++++ Data below

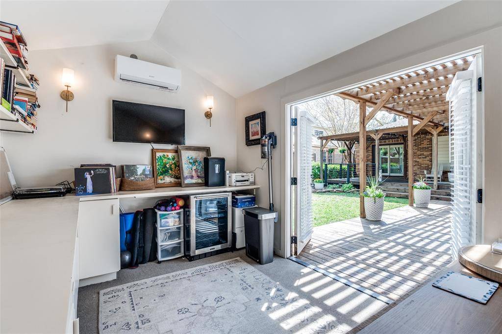 Step outside to an expansive covered deck with café lighting—an ideal setting for entertaining or unwinding. A covered walkway leads to the 200-square-foot guest quarters, complete with built-in shelving and a new mini-split system for year-round comfort.
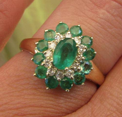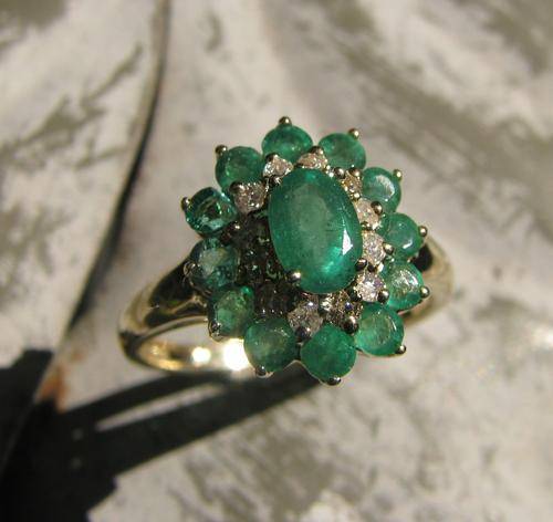 ***R38 000*** SUPERB 9CT GOLD EMERALD & DIAMOND CLUSTER RING 6.5
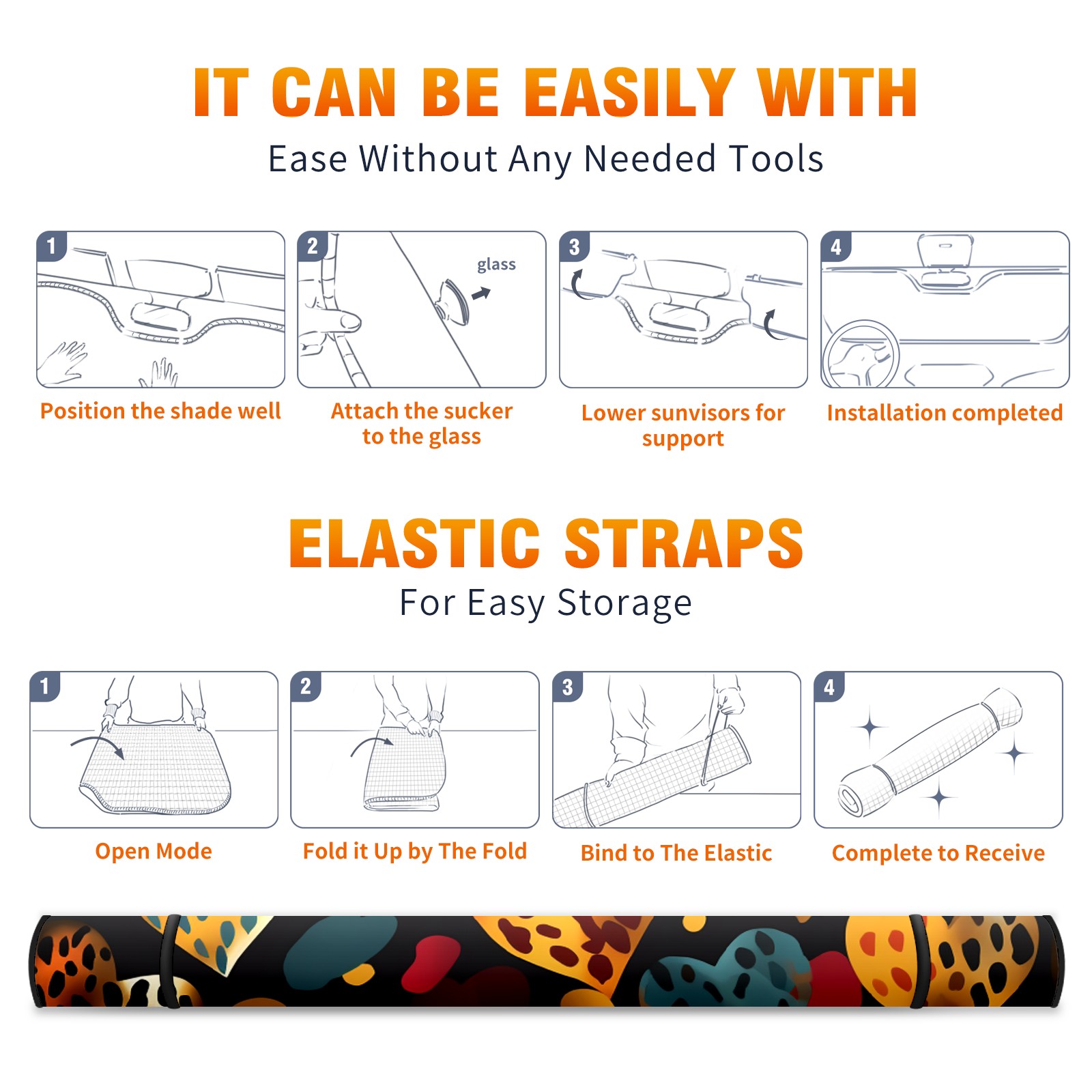 • <b>ZXIVGOQFR Foldable Premium Car Windshield Sunshade is your great solution to reduce your car’s interior temperature dramatically! This is definitely a must-have item for your summer travel! </b> <br> ●<b>Size: 63"L x 33.5"W </b> <br></b> ●<b>Blocking Uv Rays & Heat Insulation<br></b> Our vehicle sunshade provides effective UV, sun, and summer heat protection .Maintains dashboards by preventing fading and cracking <br> ●<b>Easy-To-Store Folding Design Makes Storage Convenient <br></b> ZXIVGOQFR car sunshades come with removable suction cups and elastic bands that you can install easily and quickly, and the removable suction cups will not leave any marks on your windows when removed. Within seconds, windshield visor can be installed and removed. When not in use,the front windshield can be easily and effectively placed on the door pocket or the dashboard, which is beautiful and does not take up space in the car.<br> <br> <b>PUT UP A 'PROTECTIVE UMBRELLA' FOR YOUR BELOVED CAR!</b>

++++++++

> **What is needed**
Only the pictures may be dropped when you copy the data above; everything else stays exact.

> **Response**
 Step outside to an expansive covered deck with café lighting—an ideal setting for entertaining or unwinding. A covered walkway leads to the 200-square-foot guest quarters, complete with built-in shelving and a new mini-split system for year-round comfort.
 ***R38 000*** SUPERB 9CT GOLD EMERALD & DIAMOND CLUSTER RING 6.5
 • <b>ZXIVGOQFR Foldable Premium Car Windshield Sunshade is your great solution to reduce your car’s interior temperature dramatically! This is definitely a must-have item for your summer travel! </b> <br> ●<b>Size: 63"L x 33.5"W </b> <br></b> ●<b>Blocking Uv Rays & Heat Insulation<br></b> Our vehicle sunshade provides effective UV, sun, and summer heat protection .Maintains dashboards by preventing fading and cracking <br> ●<b>Easy-To-Store Folding Design Makes Storage Convenient <br></b> ZXIVGOQFR car sunshades come with removable suction cups and elastic bands that you can install easily and quickly, and the removable suction cups will not leave any marks on your windows when removed. Within seconds, windshield visor can be installed and removed. When not in use,the front windshield can be easily and effectively placed on the door pocket or the dashboard, which is beautiful and does not take up space in the car.<br> <br> <b>PUT UP A 'PROTECTIVE UMBRELLA' FOR YOUR BELOVED CAR!</b>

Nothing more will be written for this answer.